DIRECTIONS ::
The entries are to be repeated exactly, with all pictures omitted.

[[ INPUT RECORDS, beginning ]]

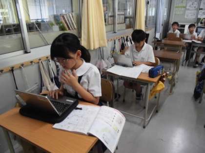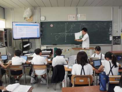 5年生が社会で、「食料の生産場所をみてどんなとくちょうがあるか」という課題で学習をしました。先生からスカイメニュークラウドの発表ノートで課題が送信され、それぞれに課題に取り組みました。
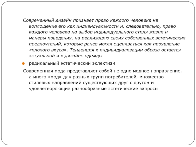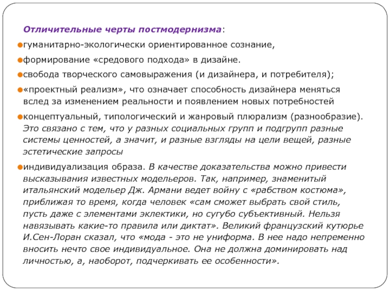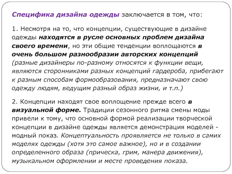 проблем дизайна своего времени, но эти общие тенденции воплощаются в очень большом разнообразии авторских концепций (разные дизайнеры по-разному относятся к функции вещи, являются сторонниками разных концепций гардероба, прибегают к разным способам формообразования, предназначают свою одежду людям, ведущим разный образ жизни, и т.п.)
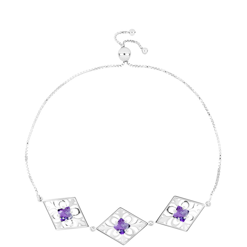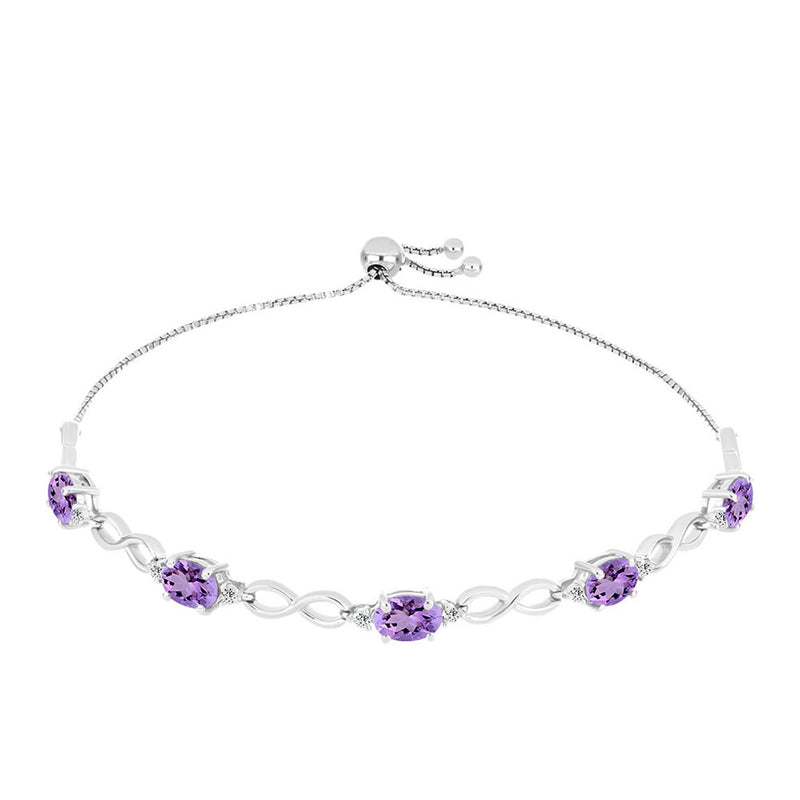 Stříbrný Náramek s Rose de France Ametystem a Bílým Topazem
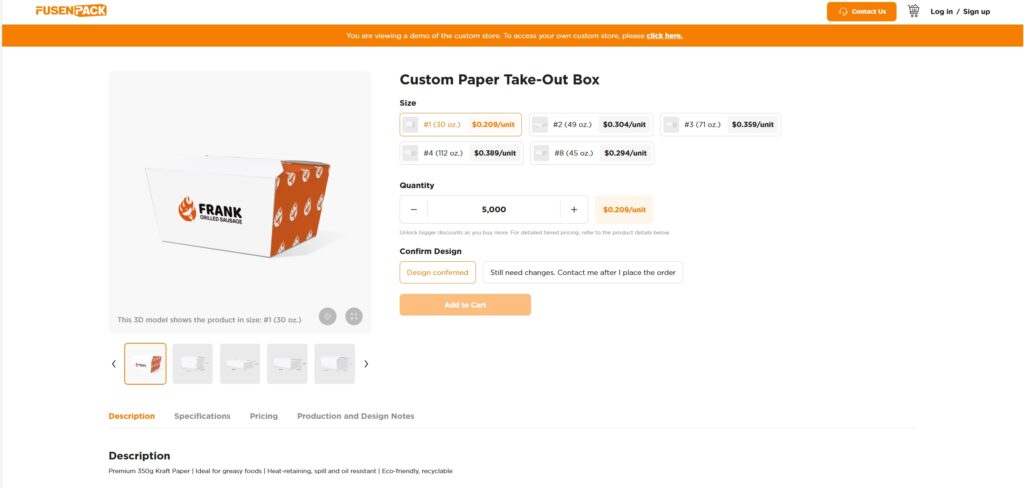 - Custom Paper Take-Out Box: Available in vibrant colors to match your branding.
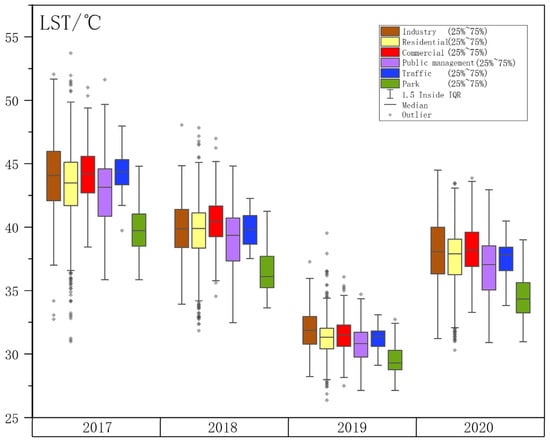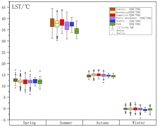 By comparing the temperature differences of various blocks (Figure 5 and Figure 6), from the interannual summer surface temperature variation, we found (1) the temperature range of the blocks dominated by industrial, residential, and public management services is larger, and these blocks are prone to produce highly differentiated surface temperature intervals due to their diverse spatial forms; (2) high surface temperature occurs in industrial, residential, and commercial districts, which is consistent with the high intensity of human activities; (3) traffic blocks also have a higher surface temperature, mainly because they have the highest impervious water surface proportion (ISP), which will reflect a lot of solar radiation and cause the temperature to rise; and (4) the median surface temperature of parkland blocks was the lowest, and the temperature interval and outlier values were lower than those of the other five functional blocks, indicating that this block type had a stable cooling effect. According to the quarterly changes in the land surface temperature in 2020: (1) the median land surface temperature values in spring, autumn, and winter in 2020 were similar, and the temperature change range was smaller than that in summer; (2) the industrial blocks’ surface temperature is the highest in spring and summer, but it decreases in autumn and winter, and the warming effect caused by human activities is more significant, with the industrial blocks’ surface temperature being lower than that of the other blocks; and (3) the surface temperatures of green space and park blocks were higher than that of traffic blocks in spring and winter because the water area of the former was higher, meaning it could conserve more heat.
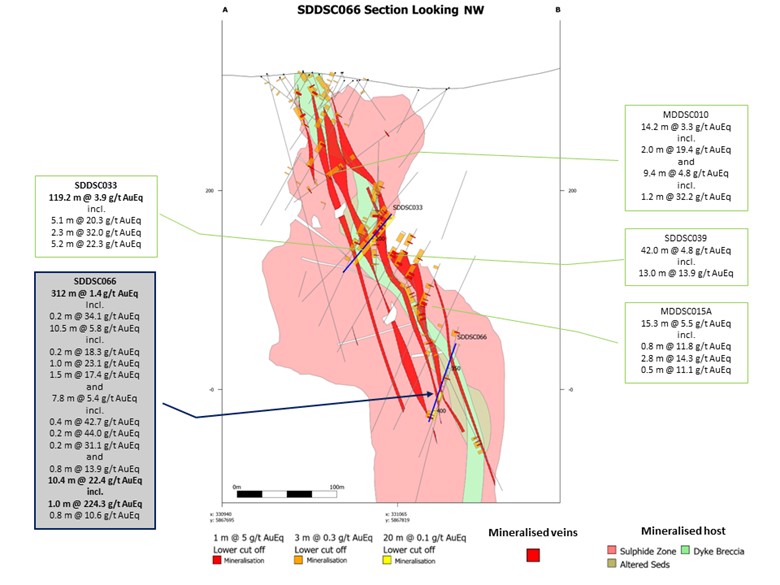 Specifically, SDDSC066 was drilled east to west sub-parallel to the host sequence, a zone of intensely altered ‘bleached’ sericite-albitic siltstones, and sericite-carbonate-albite altered dyke rocks that range from 50 m to 200 m wide. The hole was also drilled at a moderate to high angle to the north-west striking mineralized vein sets that regularly cross the host structure on a predominate north-west orientation and are typically 10 m to 40 m wide (cut off dependent), 20 m to 60 m along strike, and 300 m to 830 m down dip. Therefore, the hole was able to intersect five main mineralized structures over a 312 m wide downhole interval, while drilling inside the mineralized host.
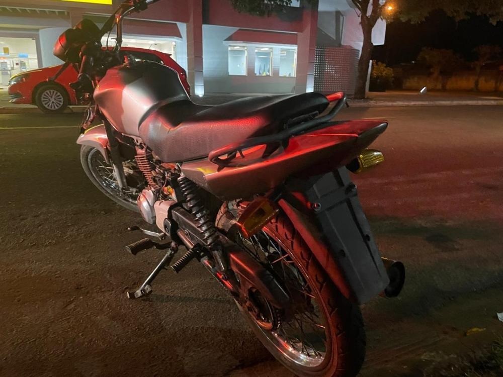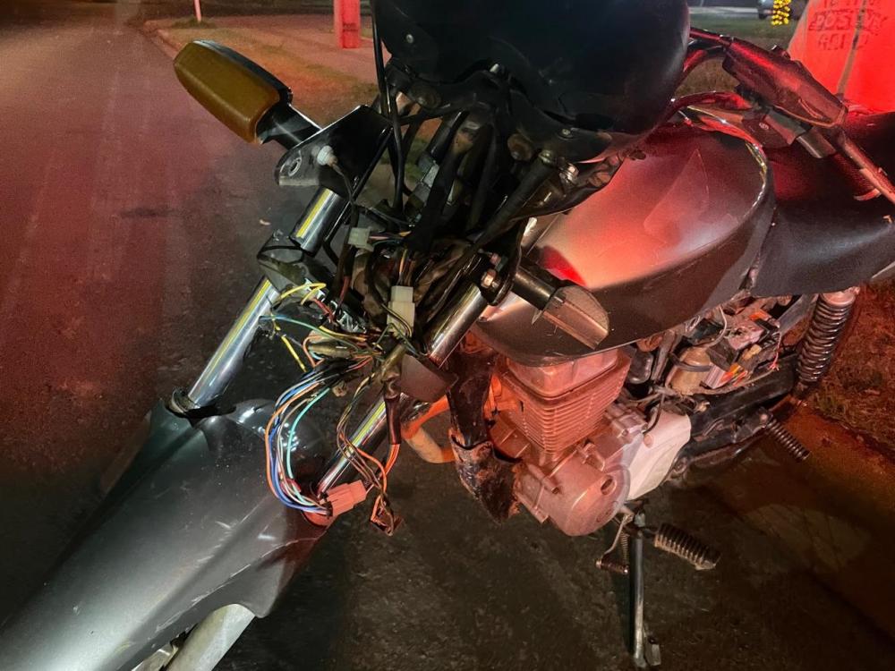 O veículo estava sem a placa de identificação e com avarias na parte frontal da moto
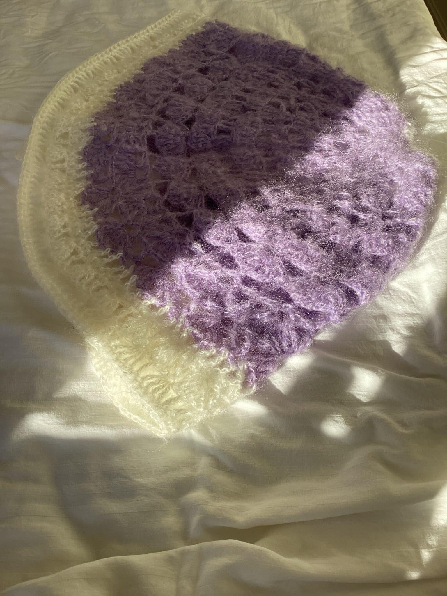 Beautiful and fluffy. Totally unique, crochet mohair shawl, so delicate wash only, size 22 x 50 inches. Lightweight.
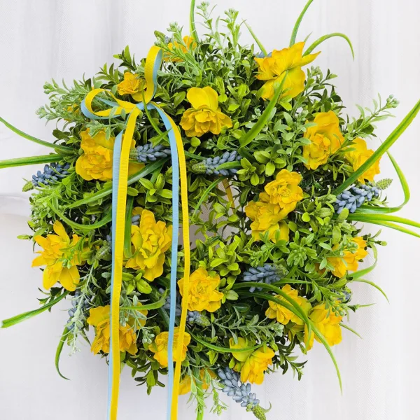 Wianek na drzwi wiosenny ze sztucznych żółtych kwiatów ręcznie robiony 35cm

[[ INPUT RECORDS, end ]]

ANSWER TO THE EXERCISE ::
 5年生が社会で、「食料の生産場所をみてどんなとくちょうがあるか」という課題で学習をしました。先生からスカイメニュークラウドの発表ノートで課題が送信され、それぞれに課題に取り組みました。
 проблем дизайна своего времени, но эти общие тенденции воплощаются в очень большом разнообразии авторских концепций (разные дизайнеры по-разному относятся к функции вещи, являются сторонниками разных концепций гардероба, прибегают к разным способам формообразования, предназначают свою одежду людям, ведущим разный образ жизни, и т.п.)
 Stříbrný Náramek s Rose de France Ametystem a Bílým Topazem
 - Custom Paper Take-Out Box: Available in vibrant colors to match your branding.
 By comparing the temperature differences of various blocks (Figure 5 and Figure 6), from the interannual summer surface temperature variation, we found (1) the temperature range of the blocks dominated by industrial, residential, and public management services is larger, and these blocks are prone to produce highly differentiated surface temperature intervals due to their diverse spatial forms; (2) high surface temperature occurs in industrial, residential, and commercial districts, which is consistent with the high intensity of human activities; (3) traffic blocks also have a higher surface temperature, mainly because they have the highest impervious water surface proportion (ISP), which will reflect a lot of solar radiation and cause the temperature to rise; and (4) the median surface temperature of parkland blocks was the lowest, and the temperature interval and outlier values were lower than those of the other five functional blocks, indicating that this block type had a stable cooling effect. According to the quarterly changes in the land surface temperature in 2020: (1) the median land surface temperature values in spring, autumn, and winter in 2020 were similar, and the temperature change range was smaller than that in summer; (2) the industrial blocks’ surface temperature is the highest in spring and summer, but it decreases in autumn and winter, and the warming effect caused by human activities is more significant, with the industrial blocks’ surface temperature being lower than that of the other blocks; and (3) the surface temperatures of green space and park blocks were higher than that of traffic blocks in spring and winter because the water area of the former was higher, meaning it could conserve more heat.
 Specifically, SDDSC066 was drilled east to west sub-parallel to the host sequence, a zone of intensely altered ‘bleached’ sericite-albitic siltstones, and sericite-carbonate-albite altered dyke rocks that range from 50 m to 200 m wide. The hole was also drilled at a moderate to high angle to the north-west striking mineralized vein sets that regularly cross the host structure on a predominate north-west orientation and are typically 10 m to 40 m wide (cut off dependent), 20 m to 60 m along strike, and 300 m to 830 m down dip. Therefore, the hole was able to intersect five main mineralized structures over a 312 m wide downhole interval, while drilling inside the mineralized host.
 O veículo estava sem a placa de identificação e com avarias na parte frontal da moto
 Beautiful and fluffy. Totally unique, crochet mohair shawl, so delicate wash only, size 22 x 50 inches. Lightweight.
 Wianek na drzwi wiosenny ze sztucznych żółtych kwiatów ręcznie robiony 35cm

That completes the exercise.